# Preliminary Notes

Utilizing this notebook requires you to download the new hdf5 formatted data files. These will *eventually* be found in the same directory as the previous data sets.

Once again, it should be noted that this should not be run in notebook form, but rather from within a monitoring script.



In [1]:
import logging
import h5py
from keras.layers import Convolution2D, MaxPooling2D # Layer Def
from keras.models import Model
from keras.layers import Input, Flatten, Dense
from keras.utils.io_utils import HDF5Matrix
import h5py
import numpy as np
from collections import defaultdict

from keras import backend as K

Using TensorFlow backend.


# $\mu$BooNEDataGenerator for Large Data Sets

This was created in all of about 5 minutes. Therefore, don't expect it to be robust at all.
The idea here is that since the data sets are rather large, the generator only pulls out a slice at a time.

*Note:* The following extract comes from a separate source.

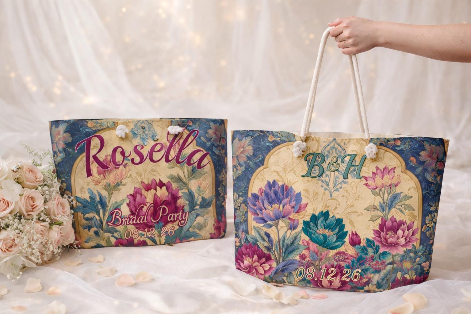 This personalized bag is a lovely choice for bridesmaid gifts, bridal party favors, custom wedding totes, bridal shower gifts, and bachelorette party bags. It is both practical for the event and meaningful as a keepsake long after the celebration is over.
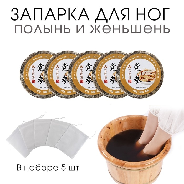 Травяной сбор для запарки ног "Полынь и женьшень", набор 5 шт

For the HDF5 data, the frames have been compressed using `gzip` and `chunk`'d with a chunk size of `10`.

Therefore, for the sake of performance, the batch size I'm definining in the generator is the same as the chunk size.

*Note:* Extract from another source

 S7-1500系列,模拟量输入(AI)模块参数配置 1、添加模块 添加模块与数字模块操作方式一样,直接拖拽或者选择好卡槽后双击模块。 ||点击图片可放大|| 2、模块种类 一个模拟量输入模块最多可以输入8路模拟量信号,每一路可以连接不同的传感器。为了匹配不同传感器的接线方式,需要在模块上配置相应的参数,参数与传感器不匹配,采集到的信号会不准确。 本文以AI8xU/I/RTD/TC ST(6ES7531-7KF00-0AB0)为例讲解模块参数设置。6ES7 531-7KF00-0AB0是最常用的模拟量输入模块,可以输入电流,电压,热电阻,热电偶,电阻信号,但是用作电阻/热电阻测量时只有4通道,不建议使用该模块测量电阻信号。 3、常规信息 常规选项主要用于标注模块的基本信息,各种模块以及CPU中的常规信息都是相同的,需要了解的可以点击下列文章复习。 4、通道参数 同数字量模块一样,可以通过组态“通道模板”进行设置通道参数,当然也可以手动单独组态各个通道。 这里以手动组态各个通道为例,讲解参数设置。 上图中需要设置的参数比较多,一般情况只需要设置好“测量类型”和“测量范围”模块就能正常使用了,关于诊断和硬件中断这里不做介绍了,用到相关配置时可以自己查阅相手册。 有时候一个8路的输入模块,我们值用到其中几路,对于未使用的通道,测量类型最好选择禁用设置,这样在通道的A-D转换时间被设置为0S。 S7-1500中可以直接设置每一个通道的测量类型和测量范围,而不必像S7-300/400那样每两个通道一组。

Lastly, I tend to prefer class oriented generators over functional models as this will be allow me later to check the state of the generator after training completes. This check I just mentioned has been omitted.

In [4]:
class UBooNEDataGenerator(object):
  logger = logging.getLogger("uboone.data")
  def __init__(self, datapath, dataset, labelset):
    self.logger.info("Assembling DataSet")
    self._file = h5py.File(datapath,'r')
    self._dataset = self._file[dataset]
    self._labelset = self._file[labelset]
    self.current_index=0

  def __len__(self):
    return self._dataset.shape[0]

  def __iter__(self):
    return self

  def __next__(self):
    return self.next()

  def next(self):
    batch_size = 10
    #This next bit causes the generator to loop indefinitely
    if self.current_index>= len(self):
        self.logger.info("Reusing Data at Size: {}".format(len(self)))
        self.current_index = 0
    if self.current_index+batch_size>= len(self):
        batch_size = len(self)-current_index
    x = self._dataset[self.current_index:self.current_index+batch_size]
    y = self._labelset[self.current_index:self.current_index+batch_size]
    self.current_index+=batch_size

    return (x,y)


# Model Definition

Once again, for the sake of performance, I've pre-defined out the network parameters. The indexing of the data sets here is critical as this defines the output of each successive layer.

In [3]:
class VGG16(Model):
  logger = logging.getLogger('uboone.vgg16')
  def __init__(self):

    self.logger.info("Assembling Model")
    # The input shape is defined as 3 planes at 576x576 pixels
    # TODO: I think with the Theano backend, this might need to be reversed.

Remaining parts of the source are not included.